Kennon's smoky/raspy baritone is an attention-grabber on ballads and uptempo kickers alike. Far from just one top song and an album of 11 fillers, the stuff here is contemporary and lively, packed with great instrumental work and some knockout lyrics.

Kennon wrote or co-wrote eight of the tracks, showing broad creative talent in addition to his fine vocals. There are several album highlights that should get wide airplay on country stations, including the rousing "Mama Raised The Hell Outta Me," the hopeful and upbeat "Ride With Me," and the introspective, thought-provoking "If I Was Any Kind Of Man."

- KEN ROSENBAUM

Bruce Springsteen had "Born to Run."

Simon and Garfunkel had "Homeward Bound."

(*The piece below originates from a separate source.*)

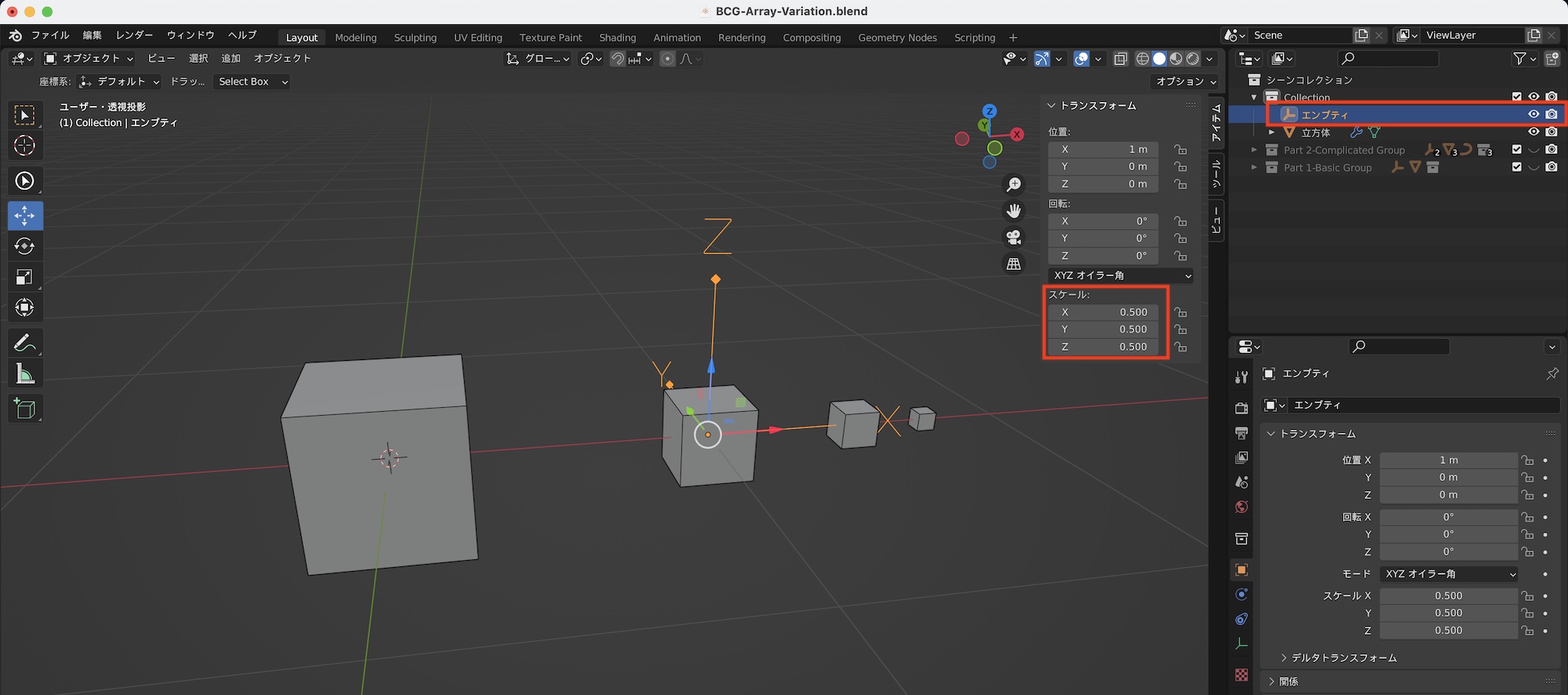 次にエンプティのスケールを「0.5」に指定してみると、3番目以降のオブジェクトも0.5の倍率ずつ小さくなります。このように指定するオブジェクトのスケールや回転、位置にあわせてクローンしたオブジェクトが変化します。
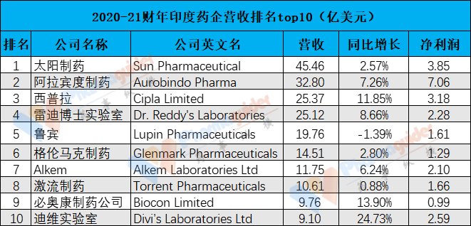 印度top10药企营收在9-45亿美元。其中太阳制药2021年营收45.46亿美元,排名第一。

Every artist, it seems - whether they perform rock, pop, jazz, country, blues, reggae, roots, or classical - hits a point in their careers when they are driven, at least once and often more, to write about either life on the road or their bittersweet longing for home.

Enter the talented and inventive jazz pianist Brad Mehldau, who has composed and executed an intriguing two-disc set written as if all 15 original compositions are a series of stops along the road that collectively become a greater story.

The theme isn't new, but it's one that's universally appealing. And Mehldau, a classically trained artist who seems to get better with each disc, has created a wonderful musical landscape, a tapestry of images featuring various combinations of himself, Jeff Ballard, and Matt Chamberlain on drums, Larry Grenadier on bass, and Joshua Redman on saxophone, plus an orchestra of nearly 40 strings, a few horns, and a couple of woodwind instruments.

This is the first album he composed from beginning to end. Mehldau's songs can have a somber, trance-like texture to them one minute, then simple, earthy sounds offset by dazzling rhythms the next.